US Military undergoes shift in CIO ranks

The US Military is undergoing major changes in its CIO ranks as it finalizes its joint warfighting cloud platform.

On Feb. 10, US Army CIO Dr. Raj Iyer concluded his two-year contract and was awarded the Distinguished Civilian Service Medal, the highest honor that can be granted to a civilian employee, for his efforts to build a data-driven army via digital transformation and the cloud

David Markowitz is currently serving as acting US Army CIO while the Army recruits for a new CIO to fill the role for a longer term, a Pentagon spokesman said.

The CIOs of two other major military branches who served longer terms are also stepping down.

US Department of Air Force CIO Lauren Knausenberger announced she will leave that post in June after a six-year tenure. The process to select the next US Air Force CIO is expected to begin this month with the goal to identify the new CIO before Knausenberger’s departure, a US Air Force spokesman says. 

Meanwhile, Navy CIO Aaron Weis, who led the U.S. Navy’s IT and security services for five years, submitted his resignation, effective March 17. Weis’ successor for the Navy CIO post has not yet been named.

In the interim, Principal Deputy Department of Navy CIO Jane Rathbun will serve as acting US Navy CIO until a permanent successor is named, a Navy spokesman says.

Iyer told CIO.com that such changes are typical for the military, if not always coordinated at once.

“No conspiracy here,” says Dr. Iyer, who was this week announced as ServiceNow’s first global head of public sector. “We have all done our time at the Pentagon. We all came from the private industry on term assignments and are leaving the DoD in a much better shape than we found it.”

Lt General Matthew Glavy, CIO for the US Marine Corps, has no plans to leave at this time, according to a Marine spokesman. Glavy is also Head of the Intelligence Community Element (HICE) for the Marine Corps and Deputy Commandant of Information (DCI) at Headquarters Marine Corps.

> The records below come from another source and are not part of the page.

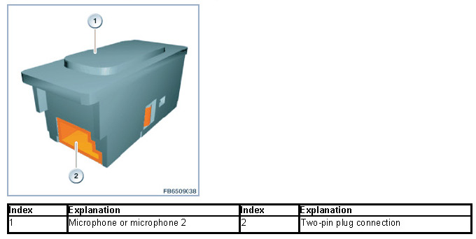 The 2 hands-free microphones (microphone and microphone 2) are installed in the outer left and right sides of the roofliner near the sun visors. The 2 microphones are used for hands-free mode during telephone operation and for voice input for the Active Voice Recognition.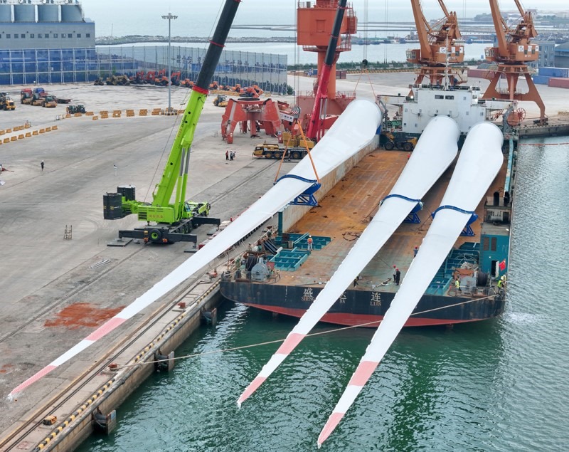 7月31日,在山東港口煙臺港蓬萊港區(qū),超大尺寸海上風(fēng)電葉片被吊裝上船(無人機(jī)照片)。
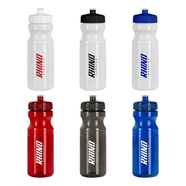 Quench your thirst everywhere from the gym to the peaks with the brand new Accona sports bottle. The perfect 24 oz. size is a match for most bike mounts, day packs and more making it ideal to drink and stow while enjoying any fitness activity. A handy push/pull lid helps to keep your hydration where it belongs and not all over the place. Choose from several color combinations and pad print this bad boy to match your brand. Proudly made in the USA with PET plastic. Complies with Prop 65. 2.9375" W x 8.0625" H

The CIO leadership changes follow the completion of a 17-month Defense Department project to develop a Joint Warfighting Cloud Capability (JWCC).

In December, the Department of Defense awarded contracts to four technology companies — Amazon Web Services, Google Support Services, Microsoft, and Oracle — to provide an integrated cloud platform for the DoD.

Tom Temin, host of the podcast “The Federal Drive with Tom Temin,” agreed that it is typical for the military to award short-term contracts to civilians for such posts — and they are often extended.

Temin says these CIOs in particular helped modernize much of the DoD’s entire technology infrastructure in just the past few years.

“It’s very fast. These [CIOs] did a lot,” Temin said, alluding to the new cloud platform, a DevOps platform, and delivery of Office 365. “You’re talking about organizations with a million people and a lot of competing interests for money and attention.”

The top priorities for federal and national CIO investments in 2023 are digital transformation (19%), technical modernization (15%), and leveraging data more effectively (19%), according to a Gartner survey of roughly 2,200 officials published last October.

More specifically, 76% of responds reported they intended to invest more in cybersecurity technologies, 56% indicated they will spend more on cloud platforms, and 51% expressed an intent to invest more in application modernization, the Gartner report noted.

John Sherman, who was appointed to the post of CIO of the Department of Defense by President Biden in 2021, also has no plans to depart, according to a Pentagon spokeswoman.

In an e-mail to CIO.com, Sherman applauded the efforts of the three outgoing CIOs for their progress on top digital transformation goals.

“They have been exceptional leaders with the foresight needed to take on hard challenges such as the implementation of Zero Trust, cloud migration, agile software development, the Department’s rapid transition to remote work during COVID, and cyber talent management,” DoD CIO Sherman wrote.

“They have built lasting organizations that I’m confident will continue the momentum they began. I look forward to working with the acting leaders in each of the military departments on these and other challenges as we work to improve cybersecurity, transform the Department’s IT and cloud capabilities, and enhance user experience,” Sherman wrote.